The Gaza war began in October 2023 following a series of coordinated armed attacks carried out by Hamas and several other Palestinian militant groups in southern Israel on 7 October 2023. Following earlier attempts at establishing a ceasefire, both Israel and Hamas accepted the first part of a peace plan devised by US president Donald Trump and former British prime minister Tony Blair which came into effect on 10 October 2025. The 20-point peace plan called for the creation of an International Stabilization Force to provide security and oversee demilitarization and reconstruction in Gaza.

==Purpose==
The CMCC is intended to serve as a main coordination hub for stabilization efforts in Gaza, monitoring the implementation of the ceasefire agreement and facilitating humanitarian aid.

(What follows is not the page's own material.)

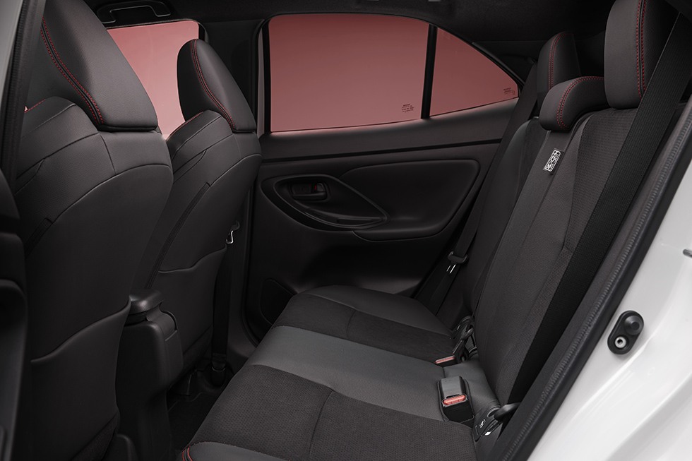 Estava assim ao vivo a versão mais desportiva do Yaris Cross. E o que traz este modelo? As alterações mais visíveis são as da carroçaria, que recebe uma pintura de dois tons, além dos pára-choques de visual mais desportivo com grelhas a condizer. Além disso, há também jantes de liga leve com 18 polegadas de diâmetro e uma nova cor para a carroçaria, o cinza dinâmico, que será sempre disponibilizado em combinação com o tejadilho em negro. No habitáculo não há como esquecer que estamos dentro de uma versão GR com o logotipo bem presente. Temos assentos mais desportivos e com um maior apoio lateral, forrados em pele e Alcantara, com costuras em vermelho, além do volante e da caixa de velocidades que também recebem o mesmo acabamento em pele, com pespontos vermelhos.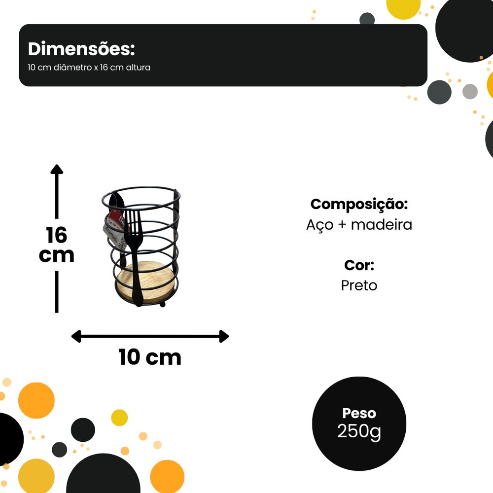- Contém: 01 Suporte Decorado para Talheres 16 cm

The multinational facility features an operations floor that allows staff to assess real-time developments in the Gaza Strip.

On 21 October 2025, Admiral Brad Cooper, described the CMCC as "critical to enabling the transition to civilian governance in Gaza" and said the CMCC would "integrate representatives from partner nations, non-governmental organizations, international institutions, and the private sector as they arrive to the coordination center" over the next two weeks.

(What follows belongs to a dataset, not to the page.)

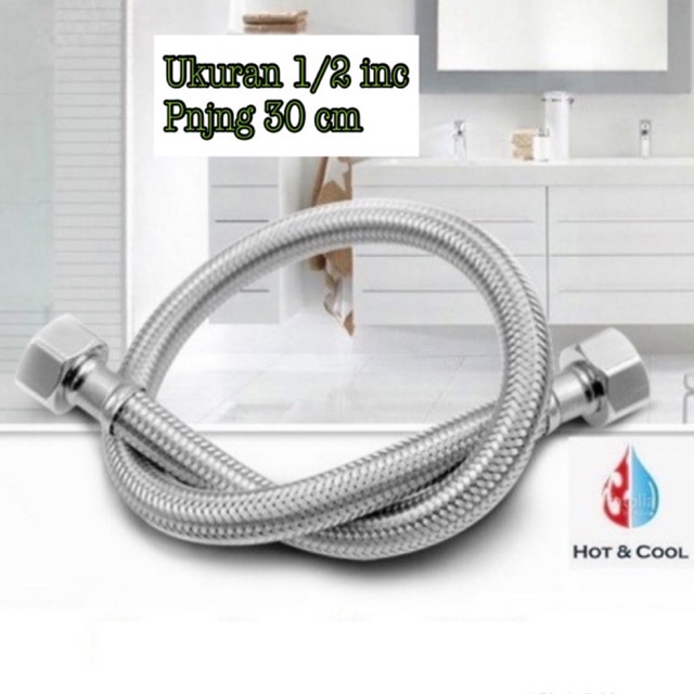 selang closed 1/2 Inc panjang 30 cm stainless steel 304 fleksibel anyam westafel dan kloset ukuran 30 cm/ Flxbl kuningan 30 cm flxbl anyam selang closet selang anyam selang air

By mid-November, the CMCC had established six working groups relating to security, intelligence, humanitarian affairs, engineering & infrastructure, multinational force preparations, and civil administration.

==Deployment==

Drone footage of suspected Hamas members looting an aid truck in northern Khan Yunis, 31 October 2025

The United States began setting up the Civil-Military Coordination Center immediately after the cessation of hostilities and partial withdrawal of Israeli forces from the Gaza Strip on 10 October 2025. The CMCC was officially opened on 17 October. A parallel counterpart to the CMCC is expected to be set up in El-Arish, Egypt with representatives from Egypt, Qatar, Turkey and the United States.

On 11 October 2025, Brad Cooper along with Steve Witkoff and Jared Kushner travelled into the Gaza Strip to verify Israel's compliance with the first phase of the agreement.

On 21 October, US vice-president JD Vance visited the CMCC headquarters in Kiryat Gat, Israel.

On 24 October, US Secretary of State Marco Rubio visited the headquarters. On the same day, the New York Times reported that the US military had begun operating surveillance drones over the Gaza Strip to monitor ground activity, with Israel's consent.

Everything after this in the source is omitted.